_TASK GOAL_
From the listing below, please restate exactly the lines beginning at the one with "Hier finden Sie" and ending at the one with "微博的CEO王高飞也经过AI", both included, and skip the pictures.

_SOURCE MATERIAL_

--- START ---

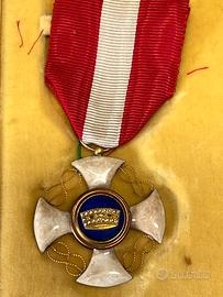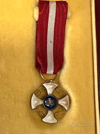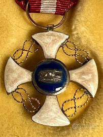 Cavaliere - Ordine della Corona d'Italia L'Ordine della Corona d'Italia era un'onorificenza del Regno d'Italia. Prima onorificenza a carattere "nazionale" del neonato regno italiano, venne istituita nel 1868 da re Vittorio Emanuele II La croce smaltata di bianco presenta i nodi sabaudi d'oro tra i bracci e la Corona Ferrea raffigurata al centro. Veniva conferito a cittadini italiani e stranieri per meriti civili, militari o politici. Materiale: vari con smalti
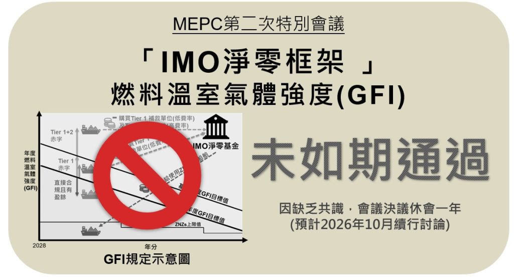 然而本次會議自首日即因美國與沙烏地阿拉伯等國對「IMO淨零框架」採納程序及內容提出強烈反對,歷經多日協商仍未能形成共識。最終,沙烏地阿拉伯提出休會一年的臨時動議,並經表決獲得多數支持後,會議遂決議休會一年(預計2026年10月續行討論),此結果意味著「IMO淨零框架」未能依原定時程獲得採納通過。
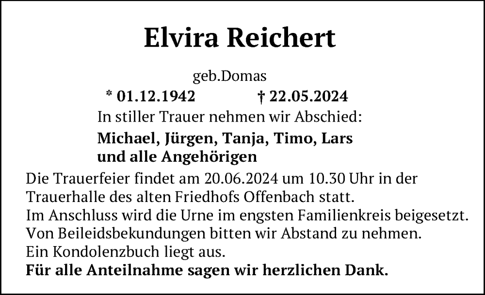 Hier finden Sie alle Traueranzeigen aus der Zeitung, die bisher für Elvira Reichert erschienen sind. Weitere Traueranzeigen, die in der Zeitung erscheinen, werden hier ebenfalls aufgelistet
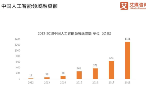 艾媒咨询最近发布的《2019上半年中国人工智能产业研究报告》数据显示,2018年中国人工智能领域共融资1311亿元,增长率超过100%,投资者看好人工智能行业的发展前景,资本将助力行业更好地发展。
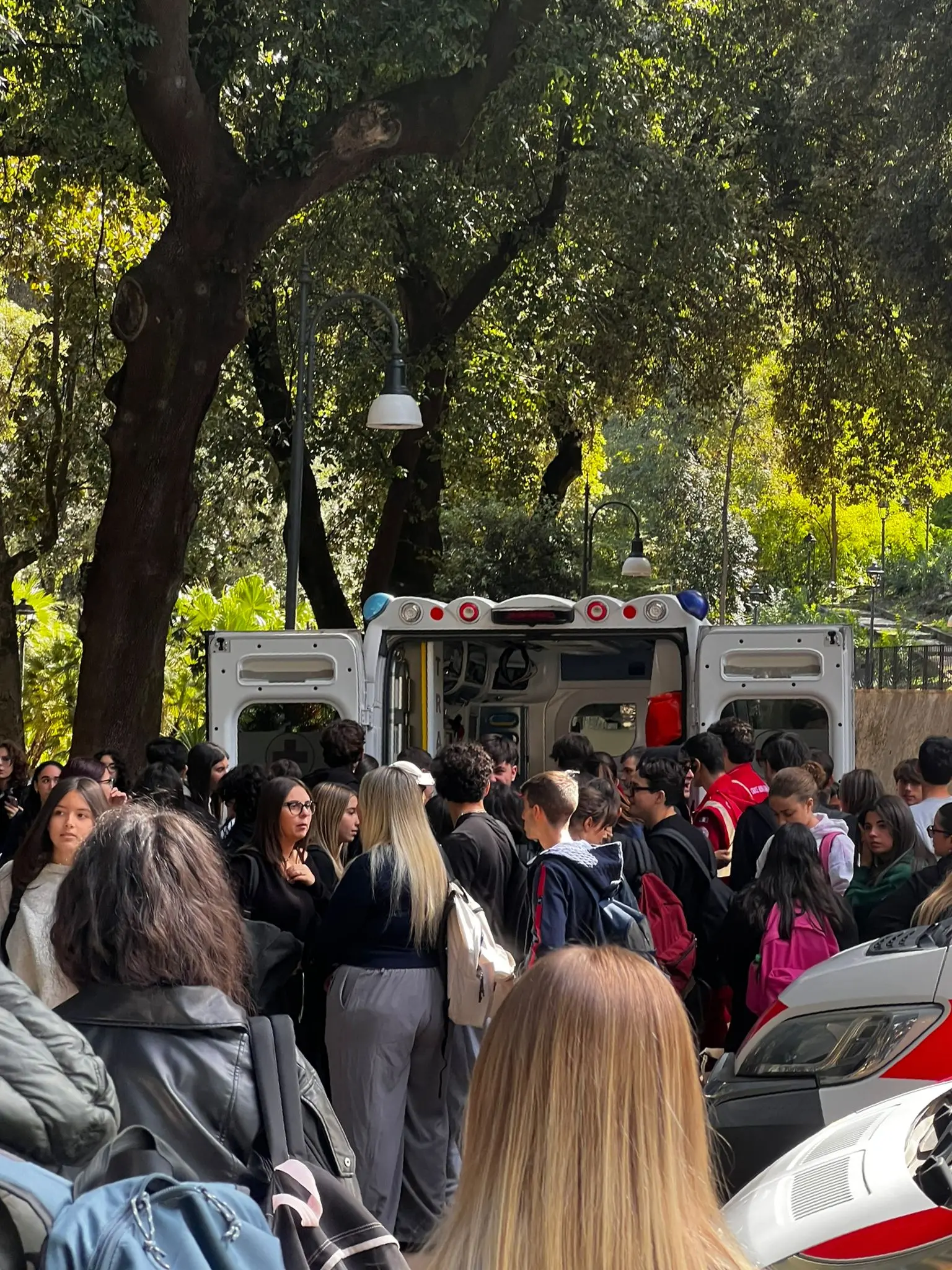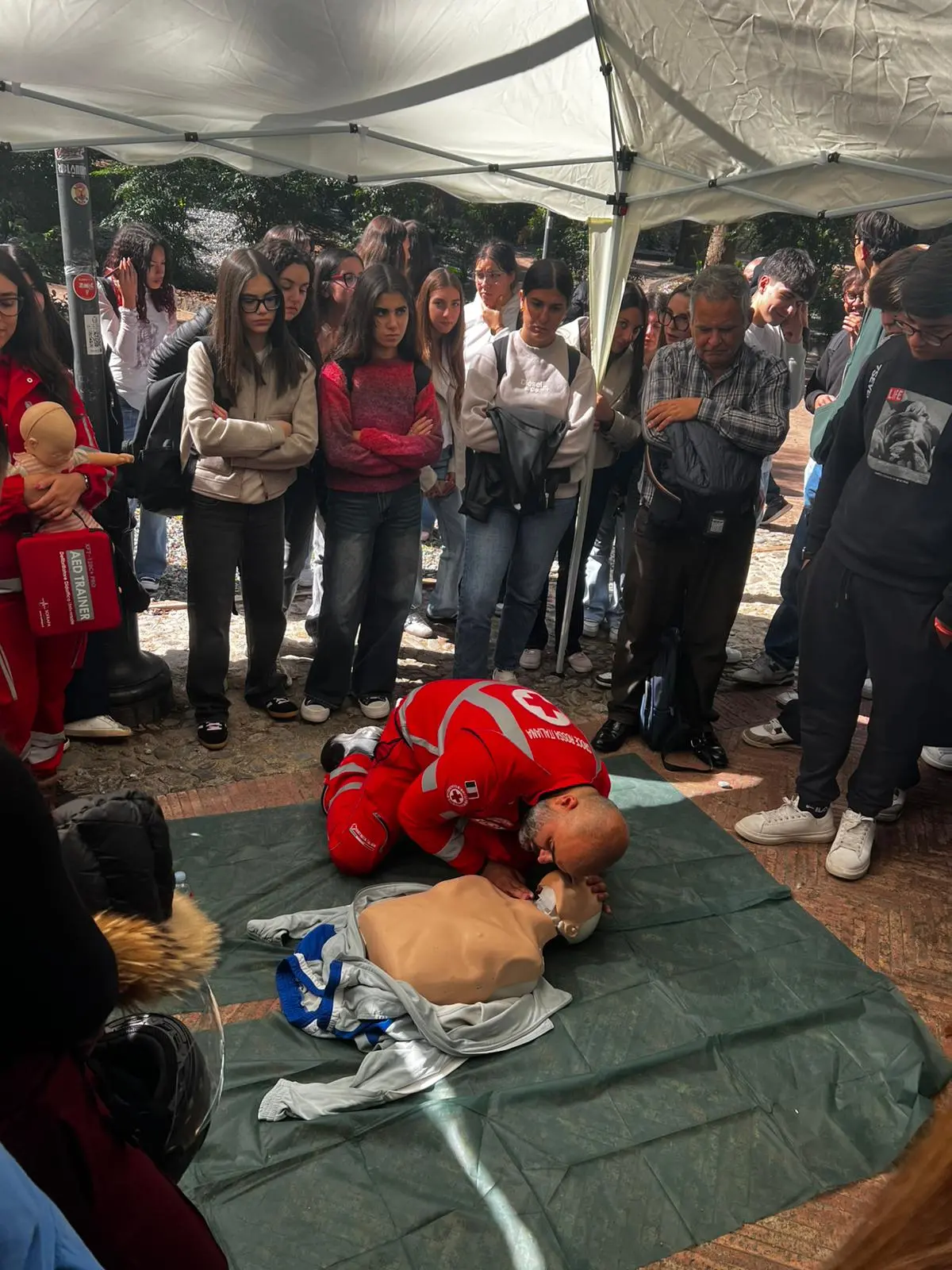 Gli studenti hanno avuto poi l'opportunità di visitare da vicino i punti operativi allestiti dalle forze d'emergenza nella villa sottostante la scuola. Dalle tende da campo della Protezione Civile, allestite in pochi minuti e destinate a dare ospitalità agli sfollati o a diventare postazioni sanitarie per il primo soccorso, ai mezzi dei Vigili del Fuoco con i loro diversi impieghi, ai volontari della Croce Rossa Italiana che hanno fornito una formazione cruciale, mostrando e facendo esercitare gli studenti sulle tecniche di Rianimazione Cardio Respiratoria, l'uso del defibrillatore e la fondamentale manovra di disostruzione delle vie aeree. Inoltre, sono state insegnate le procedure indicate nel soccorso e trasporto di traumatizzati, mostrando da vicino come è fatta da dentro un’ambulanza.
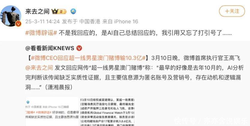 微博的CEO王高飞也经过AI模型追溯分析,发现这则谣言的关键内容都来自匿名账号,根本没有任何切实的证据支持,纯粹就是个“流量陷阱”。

--- END ---
--- START ---

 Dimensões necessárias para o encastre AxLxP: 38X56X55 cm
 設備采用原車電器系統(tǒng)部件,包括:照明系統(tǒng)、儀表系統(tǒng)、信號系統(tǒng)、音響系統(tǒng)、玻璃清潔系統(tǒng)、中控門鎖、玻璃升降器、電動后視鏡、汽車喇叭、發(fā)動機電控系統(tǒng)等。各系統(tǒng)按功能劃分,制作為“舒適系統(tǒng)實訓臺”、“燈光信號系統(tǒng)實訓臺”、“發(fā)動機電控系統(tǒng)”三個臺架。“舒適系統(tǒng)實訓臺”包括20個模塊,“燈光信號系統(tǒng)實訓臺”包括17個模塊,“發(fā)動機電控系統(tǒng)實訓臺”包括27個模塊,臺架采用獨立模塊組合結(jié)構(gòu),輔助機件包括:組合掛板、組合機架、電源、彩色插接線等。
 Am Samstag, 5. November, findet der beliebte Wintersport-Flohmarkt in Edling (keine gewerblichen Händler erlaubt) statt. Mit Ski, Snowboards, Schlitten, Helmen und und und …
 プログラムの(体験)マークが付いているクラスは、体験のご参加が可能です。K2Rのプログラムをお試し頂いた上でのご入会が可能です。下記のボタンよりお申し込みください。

--- END ---

_OUTPUT FOR THIS EXERCISE_
 Hier finden Sie alle Traueranzeigen aus der Zeitung, die bisher für Elvira Reichert erschienen sind. Weitere Traueranzeigen, die in der Zeitung erscheinen, werden hier ebenfalls aufgelistet
 艾媒咨询最近发布的《2019上半年中国人工智能产业研究报告》数据显示,2018年中国人工智能领域共融资1311亿元,增长率超过100%,投资者看好人工智能行业的发展前景,资本将助力行业更好地发展。
 Gli studenti hanno avuto poi l'opportunità di visitare da vicino i punti operativi allestiti dalle forze d'emergenza nella villa sottostante la scuola. Dalle tende da campo della Protezione Civile, allestite in pochi minuti e destinate a dare ospitalità agli sfollati o a diventare postazioni sanitarie per il primo soccorso, ai mezzi dei Vigili del Fuoco con i loro diversi impieghi, ai volontari della Croce Rossa Italiana che hanno fornito una formazione cruciale, mostrando e facendo esercitare gli studenti sulle tecniche di Rianimazione Cardio Respiratoria, l'uso del defibrillatore e la fondamentale manovra di disostruzione delle vie aeree. Inoltre, sono state insegnate le procedure indicate nel soccorso e trasporto di traumatizzati, mostrando da vicino come è fatta da dentro un’ambulanza.
 微博的CEO王高飞也经过AI模型追溯分析,发现这则谣言的关键内容都来自匿名账号,根本没有任何切实的证据支持,纯粹就是个“流量陷阱”。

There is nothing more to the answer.